Haavio's rich scholarly output deserves a more thorough presentation than this brief article can undertake. Unfortunately the bulk of his work remains untranslated, despite its many valuable insights into the study of comparative religions. The few samples translated include Väinämöinen, Eternal Sage (FFC 144, 1952), a study on the roles of the main hero of the Kalevala (the Finnish national epic) as Orpheus, creator god, and shaman and the oral tradition behind them; Essais folkloriques (Studia Fennica 8, 1959), a comparison of Finnish sacred vocabulary with Homer, the Edda, and other mythological traditions; Heilige Haine in Ingermanland (FFC 189, 1963), which compares regional phenomenology of religion on Ingrian sacred groves to Greek temenos and Egyptian Osiris.

Haavio's contributions to the disciplines of comparative religion, mythology, and phenomenology of religion in particular could be better appreciated if more of his research were translated. His ability to analyze and write is comparable to that of the well-known religious historian Mircea Eliade. What unites these two scholars is their shared ability to build an intuitive bridge from a single mythical symbol or sacred space to universal spheres of meaning and comprehension.

In his fieldwork Haavio was a master of qualitative methods. He rejected the quantification typical of Krohn and the Finnish Folklore School as well as the sociological approach that emerged after Word War II. His emphasis on field observations as purely individual experiences that could not be replicated by any other observer stem from his training in Finnish ethnography but are also related to his perspective as a mainstream scholar and poet.

Haavio's first memoir Nuoruusvuodet (Years of youth) is a chronicle of the years 1906 to 1924, but it was not published until 1972. After his death in 1973, his notes and correspondence were compiled by his wife, Aale Tynni, an Ingrian-born poet, and his daughter Katariina Eskola completed their publication through 2003 as a series of books of his correspondence with Autius lehtipuissa, a unique narrative history of Finland, filtered through the life and times of a multitalented man.

See Also

Finno-Ugric Religions.

Bibliography

Haavio, Martti.
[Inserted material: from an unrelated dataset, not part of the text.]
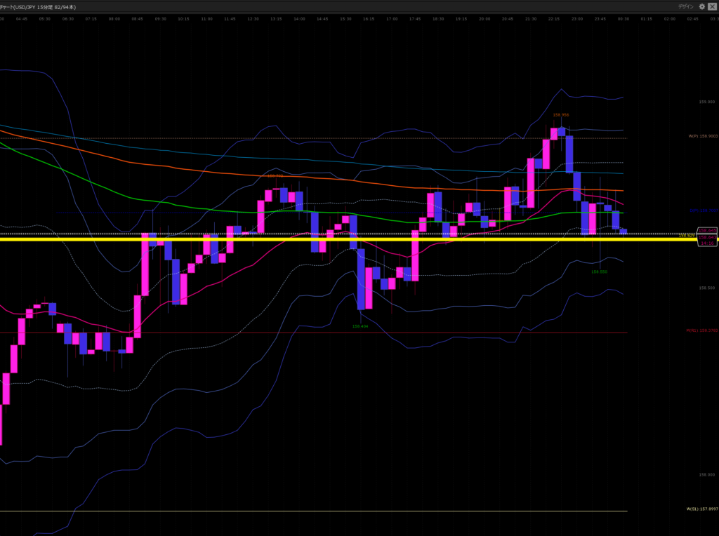 今夜の主戦場は、**158.700の魔法障壁(レジスタンス)**を巡る攻防でした。

Über orientalische Legenden und Mythen un Grenz-Karelien und Aunus. Studia Fennica 2. Helsinki, 1936.

Haavio, Martti. Die Vögel des Schöpfers und andere kerelische Legenden. Aus dem Finnischen übertragen von Barbara Frankfurth. Berlin, 1967.

Haavio, Martti. Der Oberste Gott der skandinavischen Lappen. Temenos 5. Turku, Finland, 1969.

Haavio, Martti. Mitologia finska. Warsaw, 1979.

Honko, Lauri. Martti Haavio 18991973. Temenos 9. Helsinki, 1973.

Pentikäinen, Juha. "Auf der Suche nach universellen Strukturen: Eine erneute Untersuchung von Eliades 'ewiger Wiedeerkehr' anhand finnischer Volksquellen." In Die Sehnsucht nach der Ursprung zu Mircea Eliade, edited by Hans Peter Duer. Frankfurt am Main, 1983.